Enter the concept of the open relationship. Bollywood has historically treated it as a Western import—a bourgeois, morally corrupt idea that leads to ruin. Films like Jhankaar Beats (2003) and Pyaar Ke Side Effects (2006) teased the idea of wandering eyes but ultimately reaffirmed that freedom outside marriage leads to chaos.

Yet, the last decade has seen a tectonic shift. Streaming giants like Netflix and Amazon Prime, unshackled from the censor board’s conservative gaze, have allowed writers to ask a radical question: What if love isn’t about ownership? www bollywood open sex com hot

The most mainstream, blockbuster-level conversation on this topic came from Karan Johar’s Jugjugg Jeeyo. The film pulled off a miracle: it made a middle-class Punjabi family discuss divorce and open marriage without turning into an art film.

In the movie, Varun Sharma’s character (Gurpreet) discovers his wife is leaving him. During a chaotic therapy session, the counselor asks: “Would you consider an open marriage?”

The theater gasped. But here’s why it worked: The film didn’t endorse it. It simply normalized the question. It showed that modern relationships are a negotiation, not a verdict. While the film ultimately defaults to traditional reconciliation, the fact that a "compromise" beyond monogamy was uttered in a mainstream multiplex is a seismic shift. However, the backlash is real

Take Gehraiyaan. The film was marketed as a bold take on "open relationships" and modern sexuality. Yet, what we saw was not an open relationship; it was a neurotic tangle of betrayal, gaslighting, and emotional carnage. Alisha (Deepika Padukone) doesn’t negotiate an open relationship with her boyfriend; she has an affair with her cousin’s fiancé. The film conflates polyamory with pathological lying. By the end, the narrative punishes the characters with suicide, broken families, and emotional ruin. The moral hangman of traditional Bollywood simply changed clothes—from a judgemental mother to a tragic screenplay.

This is the industry’s greatest sleight of hand. It confuses depicting non-monogamy with endorsing it. In Hindi cinema, having two partners is never a stable, happy arrangement. It is always a prelude to a catastrophe.

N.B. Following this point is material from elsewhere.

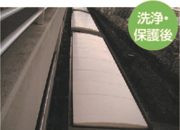 MOS保護剤は躯体内部に皮膜となって定着することで、経年劣化・接触での剥離によってムラになりません。また、経年でシリコンが劣化し、撥水効果が自然に失われることで、次回洗浄時に剥離作業の必要がありません。

Bollywood mirrors society, but it also shapes it. The rise of open relationship storylines correlates with three major social changes in India: Amazon Prime’s dramedy about four women in Mumbai

However, the backlash is real. Conservative critics and a section of the "single-screen audience" still reject these storylines. When Gehraiyaan released, hashtags like #BoycottBollywood trended, accusing the film of "destroying Indian culture."

The Bollywood Balancing Act: To placate traditionalists, writers often deploy the "Karmic Punishment" trope. In Kabir Singh (2019), the hero’s toxicity is rewarded, but in Gehraiyaan, Alisha loses everything. Similarly, in Ae Dil Hai Mushkil, the non-committal heroine dies of cancer. It seems Bollywood is still afraid to let a polyamorous character live happily ever after without converting to monogamy.


Amazon Prime’s dramedy about four women in Mumbai was perhaps the most direct exploration of open relationships in a mainstream Indian context. The character of Damaris (played by Sayani Gupta) engaged in polyamorous dynamics, having transparent, consensual relationships with multiple partners. The show normalized conversations about "primary" and "secondary" partners.

More importantly, the show contrasted her openness with the possessive, toxic monogamy of the other characters. For the first time, a Bollywood-adjacent production suggested that communication, not monogamy, is the bedrock of a healthy relationship.